Because software resided in the cloud rather than being inscribed into car parts, the automaker could manage innovation
concerns by opening up opportunities for collaboration with
external partners without disturbing existing internal innovation
practices. Volvo Cloud allowed in-car functionality, such as web
radio, to be enabled, updated, or replaced without touching the
4. Balancing Flexibility and Control
Collaborating with new partners on product development in turn
invited new ways of thinking about innovation governance. Early
collaborations with application development companies revealed
that these new partners would not engage on the same terms as
traditional suppliers of car parts. The automaker therefore
launched an app development group, staffed with people from the
consumer electronics industry and embedded within Volvo Cars’
internal research and development department. This group served
as a bridge between internal and external environments and
crafted a range of boundary-spanning resources that could help
Volvo Cars interact with external application developers. Initially,
this spurred a series of cocreation initiatives involving external
partners such as the location-sharing app Glympse.
These options, however, lost momentum during transition
from demonstration to commercialization as soon as Volvo Cars’

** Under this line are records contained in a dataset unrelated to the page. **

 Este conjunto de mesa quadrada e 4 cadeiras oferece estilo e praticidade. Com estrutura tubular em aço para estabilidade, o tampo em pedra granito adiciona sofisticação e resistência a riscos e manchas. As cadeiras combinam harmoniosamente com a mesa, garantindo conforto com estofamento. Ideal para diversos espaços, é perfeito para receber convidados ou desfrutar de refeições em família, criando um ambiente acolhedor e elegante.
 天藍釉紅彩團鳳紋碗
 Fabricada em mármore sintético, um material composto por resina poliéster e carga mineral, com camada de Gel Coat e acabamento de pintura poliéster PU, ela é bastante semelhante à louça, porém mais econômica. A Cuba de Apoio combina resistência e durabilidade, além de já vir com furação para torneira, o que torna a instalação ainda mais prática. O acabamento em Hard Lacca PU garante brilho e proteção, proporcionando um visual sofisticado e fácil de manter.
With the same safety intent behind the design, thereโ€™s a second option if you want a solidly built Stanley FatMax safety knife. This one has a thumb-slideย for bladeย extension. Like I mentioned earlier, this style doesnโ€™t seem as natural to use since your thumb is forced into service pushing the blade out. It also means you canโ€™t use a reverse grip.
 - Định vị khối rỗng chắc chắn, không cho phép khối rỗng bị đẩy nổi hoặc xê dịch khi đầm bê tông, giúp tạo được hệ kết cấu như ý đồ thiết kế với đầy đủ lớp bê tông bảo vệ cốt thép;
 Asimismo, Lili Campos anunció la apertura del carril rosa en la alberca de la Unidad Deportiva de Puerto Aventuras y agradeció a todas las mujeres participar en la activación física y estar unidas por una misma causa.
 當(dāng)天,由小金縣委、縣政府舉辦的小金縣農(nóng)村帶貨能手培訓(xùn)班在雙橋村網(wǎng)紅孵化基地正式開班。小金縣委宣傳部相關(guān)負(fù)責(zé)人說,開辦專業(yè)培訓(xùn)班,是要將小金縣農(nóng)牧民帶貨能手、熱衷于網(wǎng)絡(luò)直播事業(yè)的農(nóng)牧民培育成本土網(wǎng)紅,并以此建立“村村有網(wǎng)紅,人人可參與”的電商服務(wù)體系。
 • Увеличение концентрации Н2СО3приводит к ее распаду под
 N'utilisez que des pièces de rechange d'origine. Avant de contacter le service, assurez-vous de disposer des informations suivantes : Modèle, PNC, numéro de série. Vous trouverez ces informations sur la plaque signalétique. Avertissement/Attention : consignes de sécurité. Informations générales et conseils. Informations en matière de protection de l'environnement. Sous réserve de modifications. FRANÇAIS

purchasing department got involved. The purchasing department
staff instinctively applied traditional supplier contracts, based on
monetary transactions, to regulate supplier implementation of
Volvo Cars’ requirements. However, in its collaborations with
Pandora and Spotify, the automaker did not write elaborate
requirement specifications or pay these partners — essentially
making traditional contracts useless.
To effectively manage the relationships with these new types
of external partners, Volvo Cars learned to balance the need to
control the relationships with enough flexibility to stimulate
value cocreation. In doing so, the automaker crafted a new contract that emphasized mutual liability and cost neutrality. This
contract recognized partners’ need for Volvo Cars’ long-term
commitment to support delivery of high-quality digital services
and formalized, sustainable relationships that did not involve
explicit monetary transactions.
Embracing Digital Innovation
Volvo Cars’ journey toward digital innovation offers several
lessons about how incumbent companies can compete more
vibrantly in digitalized environments. First, it demonstrates
that digital innovation is an organizational capability, not
merely a new technological platform or an innovation incubator.

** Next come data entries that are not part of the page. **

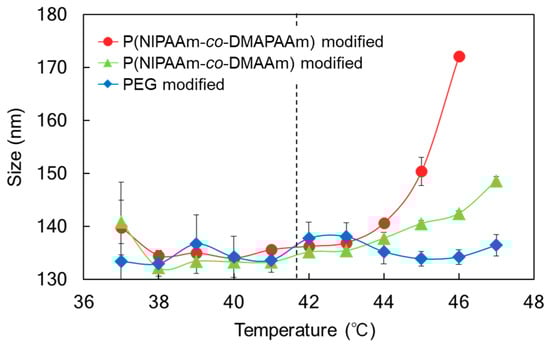The temperature-dependent size change of the liposomes was observed using PBS as the suspension solvent (Figure 4). PEG modified liposomes maintained their size as the temperature was increased. In contrast, P(NIPAAm-co-DMAPAAm) and P(NIPAAm-co-DMAAm) modified liposomes exhibited an increase in size above the LCST of the polymers. At lower temperature, P(NIPAAm-co-DMAPAAm) and P(NIPAAm-co-DMAAm) were hydrated and extended, leading to the formation of an aqueous outer liposome layer, which prevented the aggregation of the liposomes. Above the LCST, the polymers became hydrophobic, which is attributed to dehydration, leading to a reduction in the aqueous layer of the liposomes. The reduced aqueous layer induced aggregation of the liposomes, leading to an increase of the observed liposome size. In addition, above the LCST of the polymers, P(NIPAAm-co-DMAPAAm) modified liposomes exhibited a clear increase in size compared with P(NIPAAm-co-DMAAm) modified liposomes. One possible reason for this observation is the difference in the conformations of P(NIPAAm-co-DMAPAAm) and P(NIPAAm-co-DMAAm) following shrinkage. Above the LCST, both polymers change their conformation to the shrunken state. P(NIPAAm-co-DMAPAAm) has a slight positive charge in the polymer chain, leading to suppression of shrinkage. Therefore, the strong positive charge of the liposome was shielded by the polymer above the LCST, leading to aggregation of the liposomes. In contrast, P(NIPAAm-co-DMAAm) has no positive charge and tends to be compact and shrunken above LCST. Therefore, the strong positive charge of the liposome was exposed, leading to suppression of the aggregation of the liposomes owing to electrostatic repulsion.
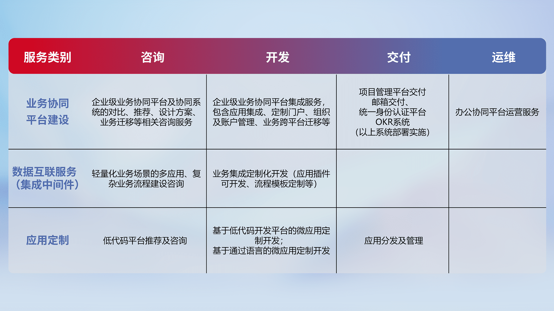 针对钉钉、、、企微、、、IDaas等平台级产品提供产品的规划、、、、方案、、、、交付、、、定制化开发等服务,,,,实现如统一协同办公、、智能客户服务、、、混合会议管理、、智能数据查询、、等业务场景,,,,实现数字化转型。。。
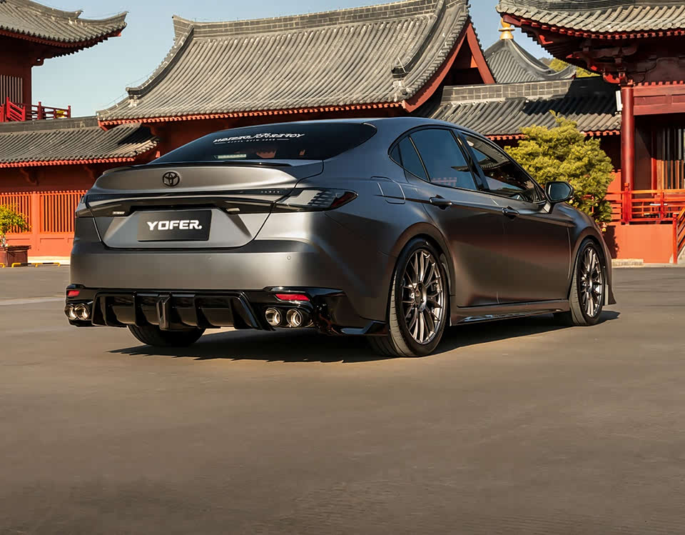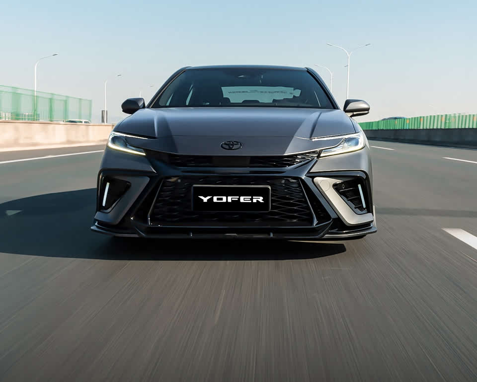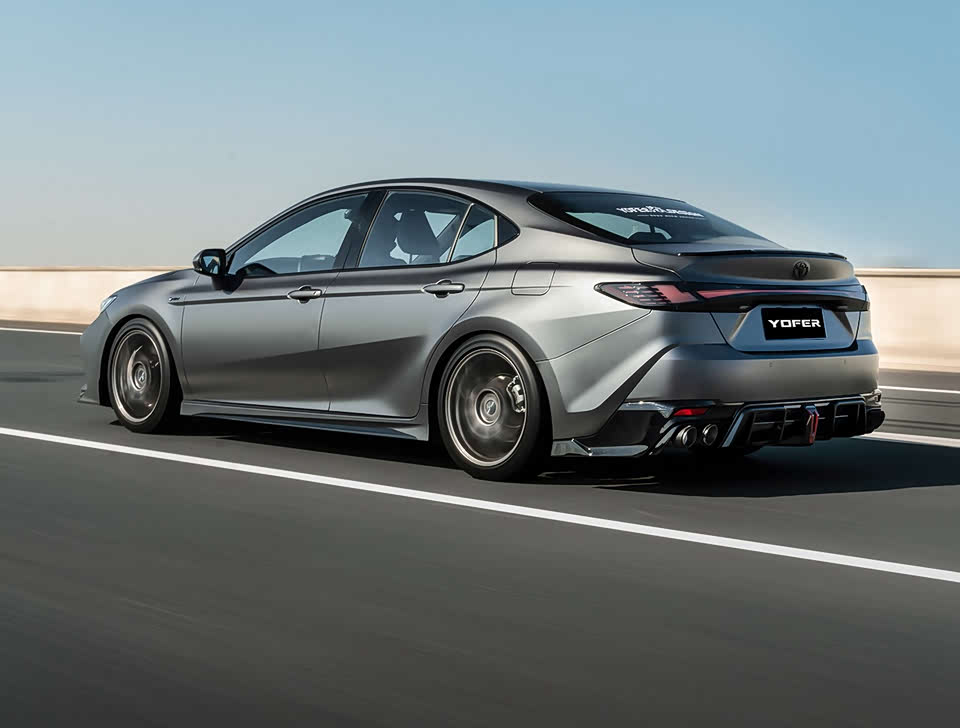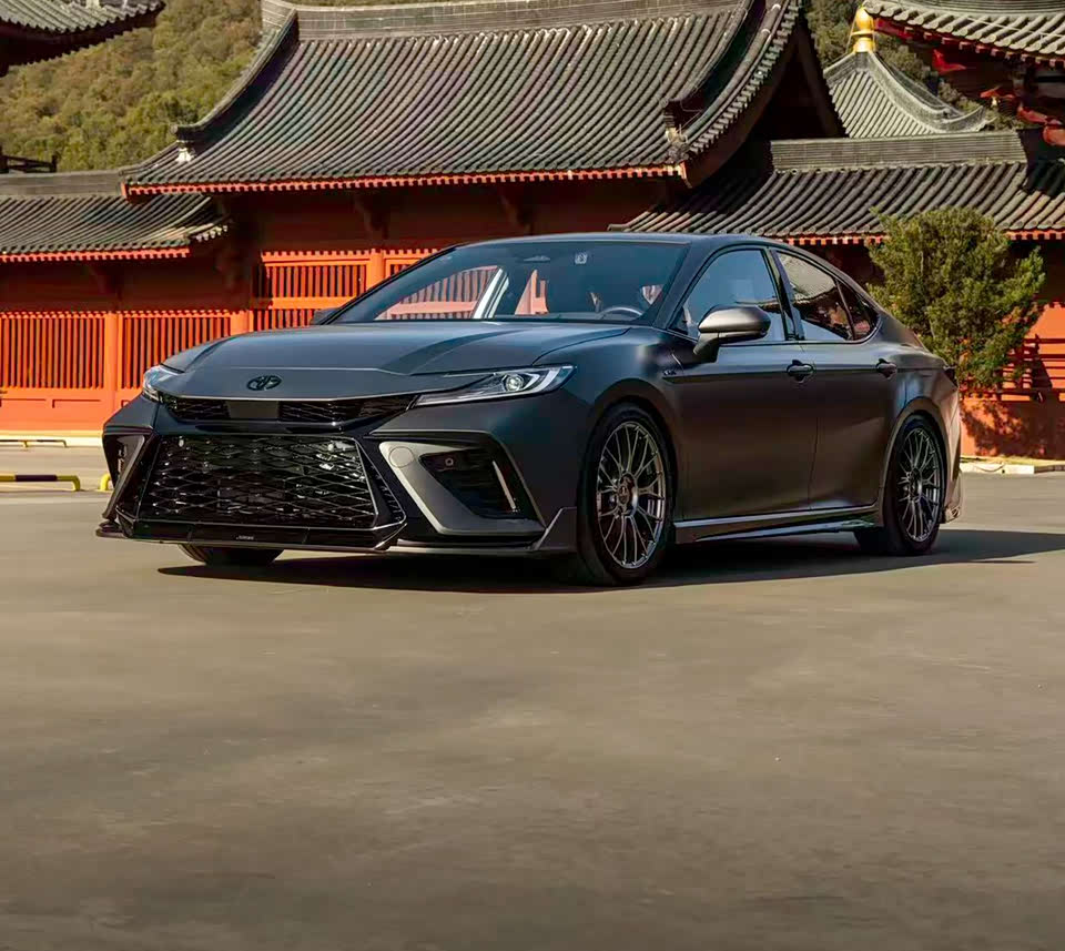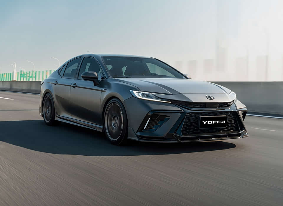 丰田凯美瑞改装版,改装版在外观的设计上有升级,有着运动大气的设计,前脸整体感更强,中网采用了上方片状以及下方梯形的蜂窝式格栅设计,视觉效果更加霸气和运动,整体的风格呈现出纺锤形的风格,两侧运用了犀利的轮廓设计。侧面的轮廓依旧比较优雅和动感,提供运动的侧裙套件,轮毂的设计比较动感。尾部上方增加了尾翼的设计,尾灯组贯通式的风格,提供立体的黑色后包围,还搭载了四出的排气管设计。动力上搭载2.0L混动系统。改装版在外观上的表现非常动感。

Developing digital innovation capability requires fundamentally
rethinking how the business is organized, how it makes decisions,
with whom it partners, and how those partnerships are managed.
These concerns are systematically interrelated and mutually de-
pendent, so companies may find that a failure to address any of
these competing concerns may have a wide-ranging impact on
the overall success of digital innovation initiatives.
Second, it is possible for established companies to develop digital innovation capabilities while maintaining their core businesses.
In fact, it is essential to do so. Successful established companies
possess knowledge and expertise that have served them well for
years, and the way they have done business is largely institutionalized. Digitalization provides opportunities to infuse new types of
features and services into existing products. Doing so certainly
means that some established ways of doing business must change.
For example, this was true for Volvo Cars’ traditional innovation
cycle time, collaboration patterns, and partnership governance
practices. This recognition, however, doesn’t mean the old way of
doing things is necessarily wrong. In fact, Volvo Cars managed to
retain critical aspects of its approach to car design and production
that still proved useful. Incumbent companies must find ways to
leverage their strengths to capitalize on new ways of doing business. Ultimately, managers need to carefully identify which
practices need to change and which need to be preserved.
Lastly, developing digital innovation capabilities will not happen by accident. Volvo Cars’ executive team developed a clear
vision for the broad parameters of their efforts, even though they
did not yet know much of the specifics. They communicated this
vision to the organization and provided the necessary support
and resources to begin and endure the journey. Not everyone was
initially on board. Many executives saw it as a high-risk, low-reward
undertaking. Yet the clear communication of the vision, and the
implementation of changes when needed, allowed Volvo Cars to
innovate in its organization and its products to continue competing in an increasingly digital business environment.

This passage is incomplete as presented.